Quantification of animal colors is important to a variety of fields of research, especially those dealing with visual communication and sexual selection. Most animal colors are easily measured using well-established spectrophotometric techniques. However, the unique characteristics of iridescent colors present particular challenges and opportunities to quantify novel color metrics. Due to the fine-scale angle dependence of iridescent coloration, color metrics, such as hue and brightness, must be measured using methods that allow for repeatable comparison across individuals (e.g., by carefully controlling and measuring viewing geometry). Here, we explain how the optical characteristics of iridescent colors should be considered when developing measurement techniques, describe the pitfalls of some commonly used techniques, and recommend improved methods and metrics (angular degree of color change and breadth of reflectance) for quantifying iridescent color.

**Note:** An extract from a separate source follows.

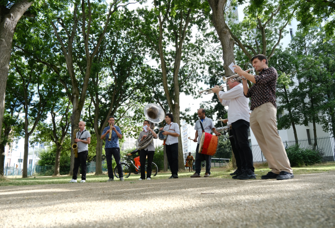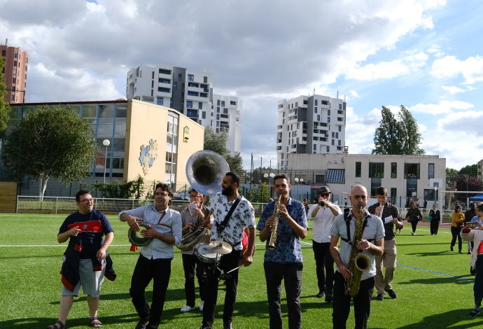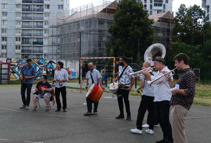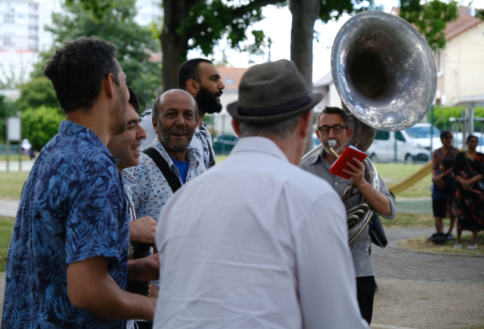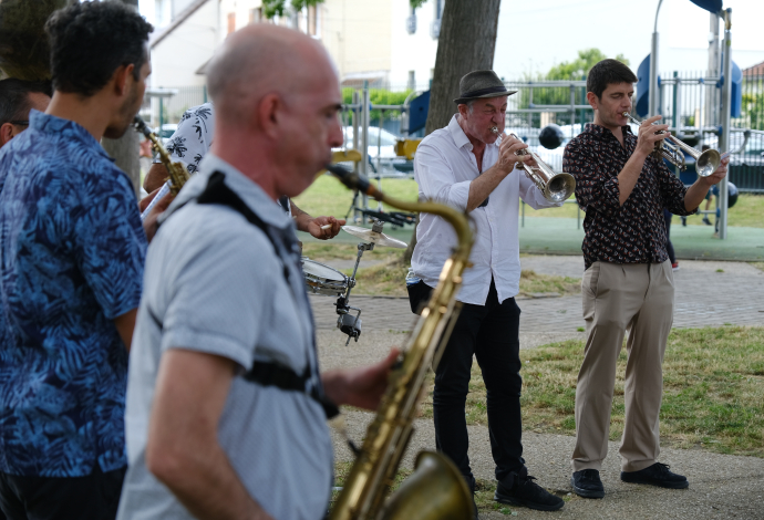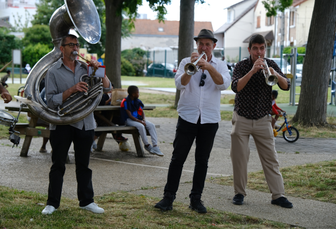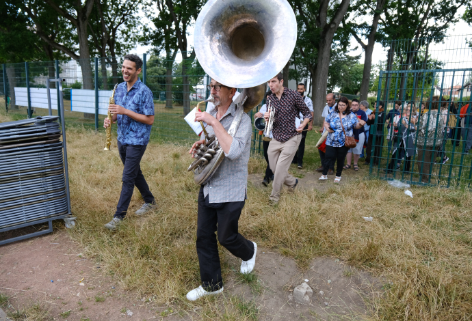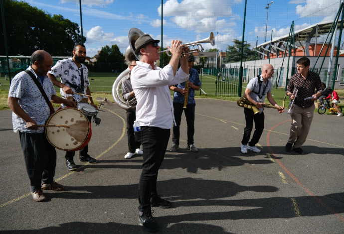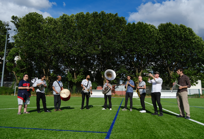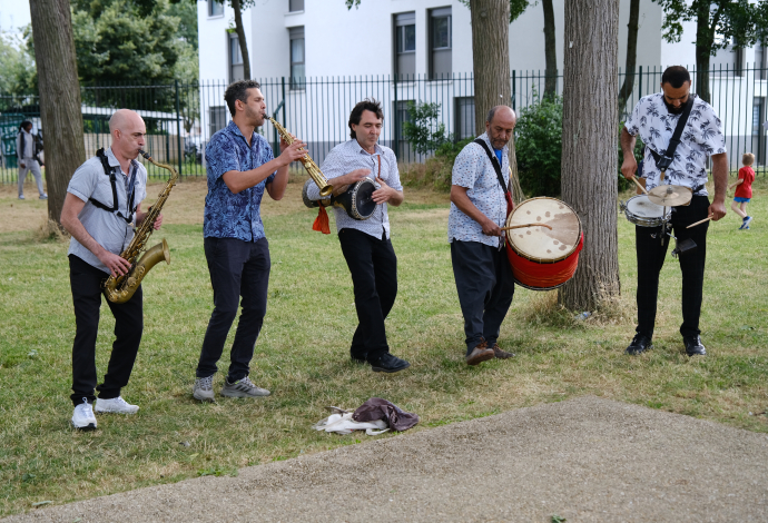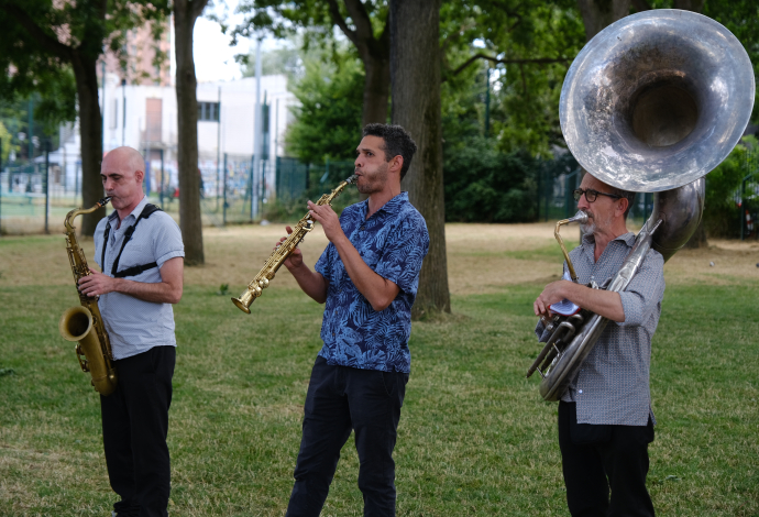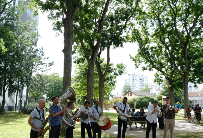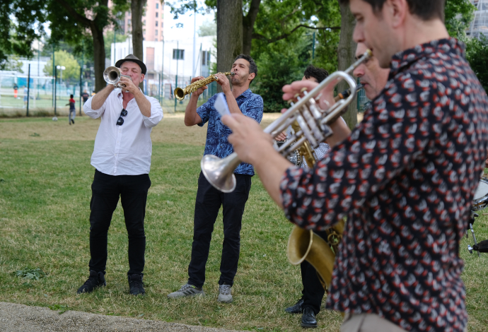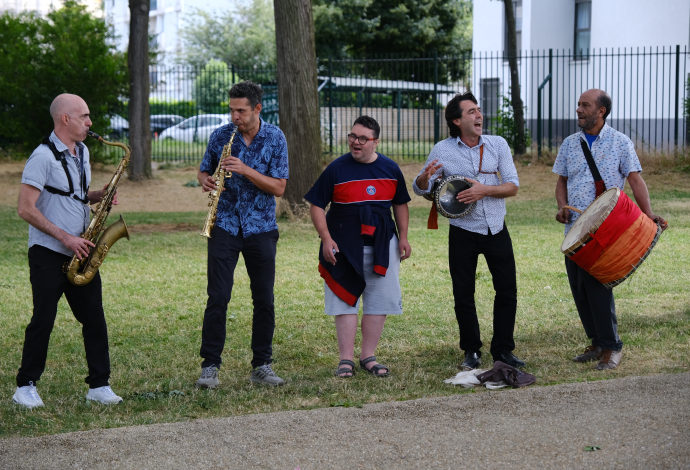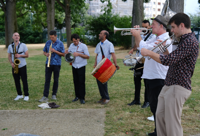 Samedi 6 juillet, dans le cadre du Festival Métis/Plaine Commune, à l’ombre des épicéas du Parc Carnot, un musicien du groupe Fanfaraï Big Band a mené un petit atelier d’initiation aux percussions indiennes auprès de jeunes enfants. Puis, les musiciens ont pris le relais et se sont installés à leur tour sous les arbres du parc pour débuter un concert coloré mêlant au rap, chai et autre gnawi, des cuivres jazz, afro-cubains ou tziganes. Une déambulation festive du big band a suivi du parc au stade Dian accompagné d’un petit groupe d’habitants. Le concert s’est achevé en plein soleil, au centre du terrain. Un bien joli moment avec une musique chaloupée, généreuse, virevoltante !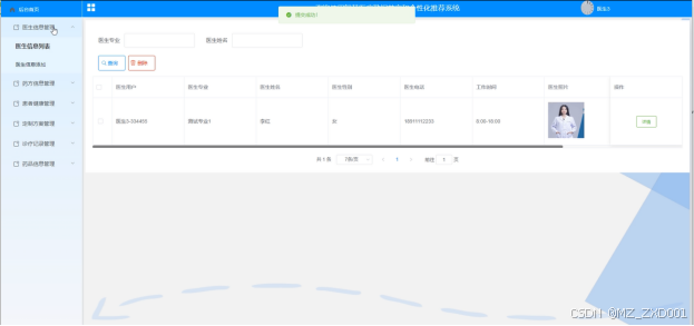 (3)医生信息管理:医生用户在后台可以进行医生信息的列表查看、添加新信息、进行查询、删除已有信息、以及查看详细信息。此外,医生用户可以通过医生专业或姓名进行搜索。

In particular, most studies of iridescent birds to date have used less than ideal procedures and have not provided repeatability estimates for their methods. For example, we demonstrate here that measuring coloration from overlapping patches of iridescent feathers may be problematic, and we argue against methods that do not carefully control viewing geometry. We recommend measuring iridescence at maximal reflectance angles using an apparatus that allows for sample rotation, and we compare this technique to some other commonly used methods using iridescent gorget and crown feathers from Anna's hummingbirds (Calypte anna). Our apparatus allows for the quantification of angular color change, and we found that maximal reflectance measurements using single feathers are highly repeatable both within feather samples and among samples within an individual.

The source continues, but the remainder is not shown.